Former athlete/current scientist completely overwhelmed by the ways keto has already changed my life (& ?s about calibrating macros/cals for my keto-boosted activity levels!

calories
exercise
science
newbies
food

(JGL) #41

I haven’t, but i have read several of his peer reviewed articles and I like what he is doing.

I’ve worked extensively with urban dwelling Maasai in northing Tanzania for about 12 years and and interesting note to append to that example is that this is genuinely happening with the women far more than with the men. The socioeconomic factors that are exacerbated when women are exiled or leave a staunchly patriarchal society and the lack of resources they have to feed themselves when they end up in the cities is a huge factor in what is happening there.

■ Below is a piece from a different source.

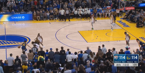 直播吧11月19日讯 NBA常规赛,勇士和雷霆的比赛已经进入了加时。

I have had some of the most educating digestive experiences of my life while living in rural Maasai areas. The nutritional adaptations of the Maasai could totally be a whole other topic on here and are fascinating, surely, from a keto perspective, but there are political, social and economic factors that are significant to look at in order to make sure that they aren’t mythologized, which happens with them over and over and over again.
Their WOE has had complicated impacts on their neighbors There is also something that need to be conceded there that their lack of a backup on nutritional sources apart from their cattle caused a little bit of a genocide on the slopes of Kilimanjaro during a famine in the 1800s. (Side note, but interesting, a really interesting but horrifying example of traditional medical knowledge during into the development of a form of chemical warfare). The story of the Chagga caves mentioned here is something I am going into a bit in my next attempt at ethnographic filmmaking. I collected the footage for it over the summer, but it needs a lot of work in post because we shot in 360.

https://www.jstor.org/stable/40388256?seq=1#page_scan_tab_contents


(Ken) #43

Interesting. Are you familiar with the Xhosa famine in 1856-7? They also lived off their herds, but their religious fervor and belief in a prophet caused them to slaughter their own cattle.

Another earlier mass famine was caused by the Zulu-Matabele war, (Mfecane, Shaka vs. Mizilikazi) both tribes being dependent on their herds.